The social and economic context in France was determined by the great changes imposed by the Industrial Revolution, the great urban transformations of the late 19th century, and the emergence of a new bourgeois social class. The impulse of geography, from the organization of the Geographical Society of Paris, the triumph in the construction of the Suez Canal and the determination in the construction of the Panama Canal, are part of the temporal context of the artist.
Gauguin portrayed for film
Gauguin and the Panama Canal is the feature film being prepared by Panamanian filmmaker Frank Spano, who won the Ricardo Miro Award in the theater category with a work of the same name. Spano has a long career in the world of cinema, with several feature films in Spain. Today, we talked with him to learn more about this project and the work it addresses, from a psychological and purely human point of view, the figure of the French artist and his time in Panama.
Why are you so passionate about Paul Gauguin and the Panama Canal?
“My grandfather Efizzio Spano, a cabinetmaker and carpenter, came to Panama from Italy along with other Italian migrants for the construction of the Panama Canal.

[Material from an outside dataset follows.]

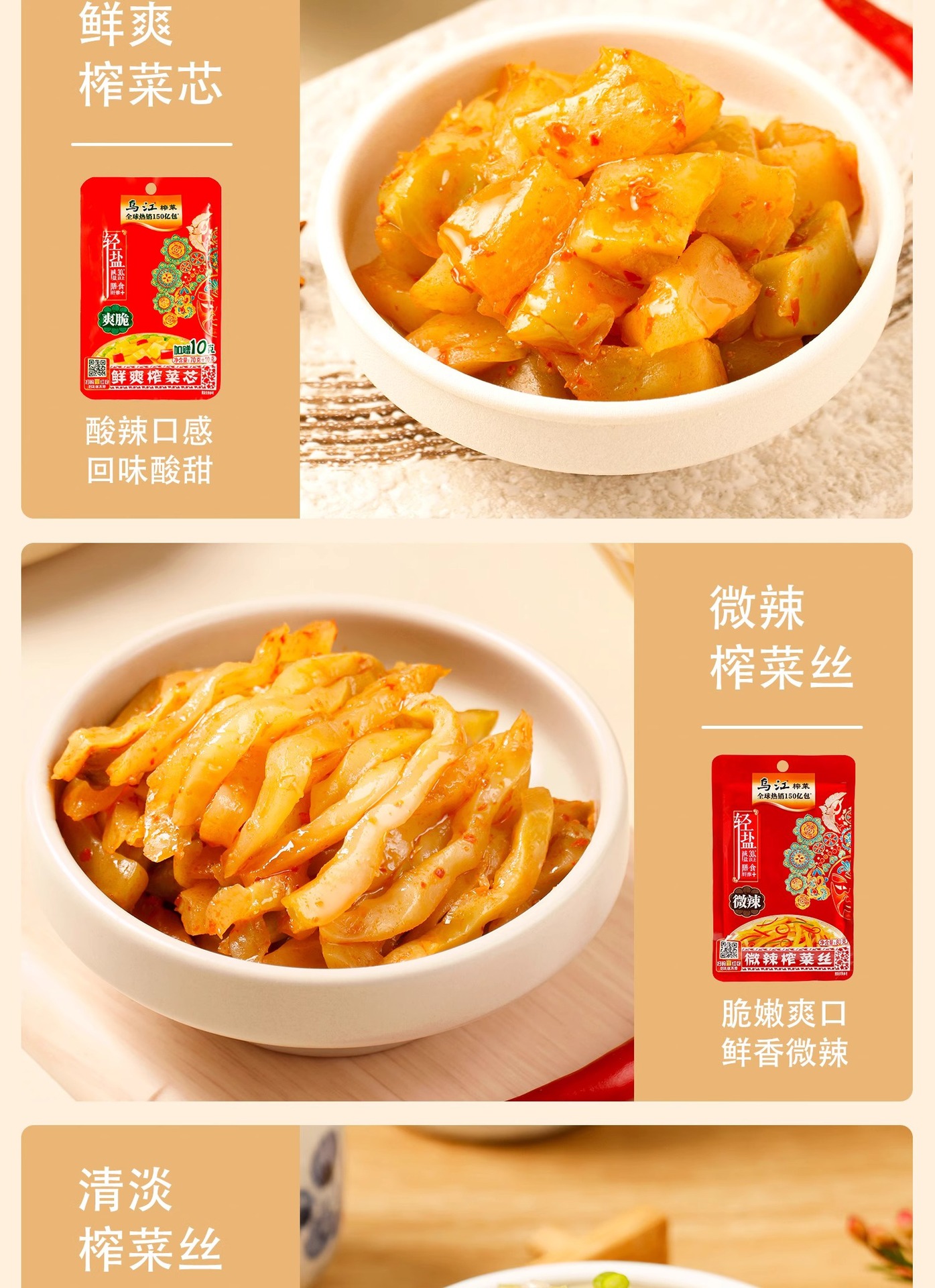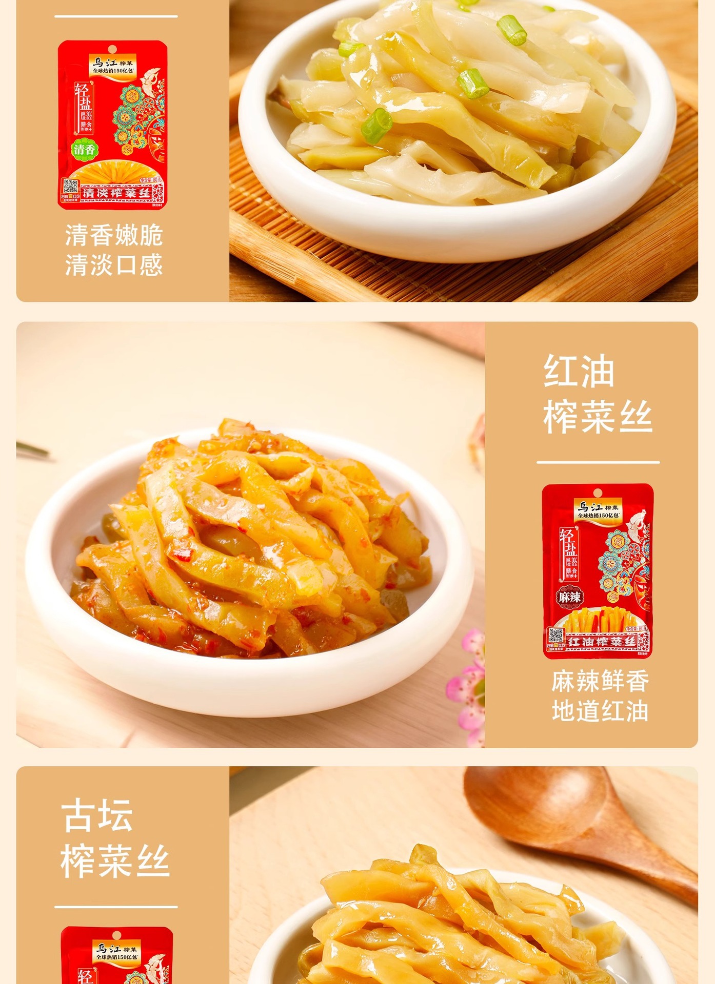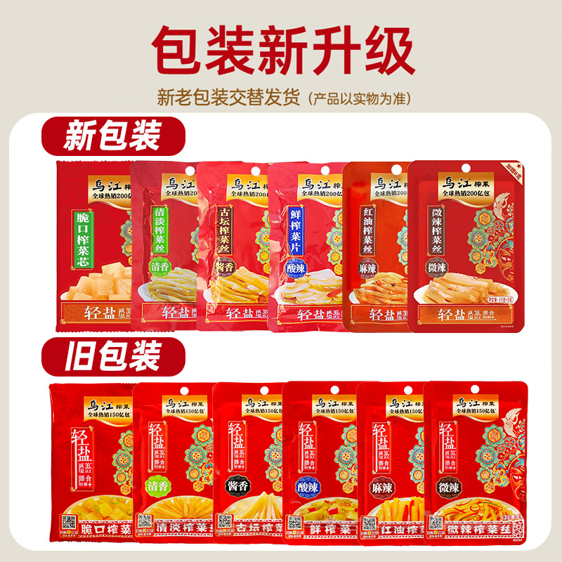 烏江漬物、本場涪陵産漬物、70g/80g袋入り、爽やかで少し辛い漬物の細切り、軽塩版、大箱卸売

My family was part of the little Italy built in Vista Hermosa by migrants from that country. I am Panamanian, my mother is Panamanian. It may sound like fiction, but my earliest memory is when I was three years old, climbing down the stairs and walking down the runway at Tocumen Airport. I lived my entire adolescence in Panama. I remember the signing of the Treaties, among other events. I recognize myself as part of this place, of the Canal and all that gravitates around it. Living the Panama of Mano de Piedra Durán, and recognizing myself in the land of seven boxing champions, is part of it. I grew up in a city where, without a passport, it was possible to cross from one country to another. I am part of this place, of common stories that are still beginning to be told. The character of Gauguin is part of those early memories and the object of my narrative need,” Frank Spano tells us.
The theater and the film
“It all began in 2004, when my mother sent to Madrid, from Panama, an envelope with clippings of all kinds. As part of that package were recipes, movie listings, various news items, and among them, a short note that talked about an edition of a book of Gauguin’s letters. I looked for the publication and found all the painter’s letters and the references of his visit to Panama. The obvious was revealed: Gauguin had identified Panama as a destination to solve the most intricate labyrinths of his existence, and it was then that I decided to immerse myself in his inner world. Then, encouraged by my mother, I entered the play, Gauguin and the Panama Canal, in the Ricardo Miro competition in 2005. Since then, and for more than ten years, I have been delving into the existential universe of the painter.
The fiction feature film, Gauguin and the Panama Canal, achieved through public competition, in 2018, resources from the Panama Film Fund. Since then, we have been working on the project, with a high probability of achieving its premiere by 2022.
I have to say that my way of understanding life is marked by my childhood and cinema. I am grateful for the audacity of the programmer of the Savoy cinema – whom I never met – and for my mother’s generous irresponsibility in taking me to the double bill at that theater. Gauguin has been a traveling companion in recent years. It has become a narrative necessity, because I am essentially a storyteller. It’s been 15 years of a theme that has been growing inside me. I describe the film project as titanic and schizophrenic, because of the effort of trying to adapt to myself. The story I tell in my Gauguin play is different from what happens in the film.
The film tells the importance of Gauguin’s first trip when he abandons a family, five children, a job and a comfortable materiality. This man could have died in Panama and become just another cross in the French cemetery of Paradise. Panama is his first contact with the primitive art he was looking for. My work addresses that first narrative,” Spano explains.
How important are the Canal’s historical documents?
“The Canal is not only a geopolitical value. The Canal is a narrative and historical heritage. It is now that it starts the march of the creators to tell all the stories. Gauguin and the Canal is one of them.
In my case, the President Roberto F. Chiari Library and its archives will serve to reconstruct the construction of the Panama Canal, recreating the images that Gauguin probably saw in his passage through Panama. The photographs and documents are essential to understand the arrival of the technology and the decision to build a canal through Panama. I intend this film as an act of entertainment. I hope that people here and there will be encouraged to immerse themselves in history. Many stories of the Canal have yet to be told,” concludes Spano.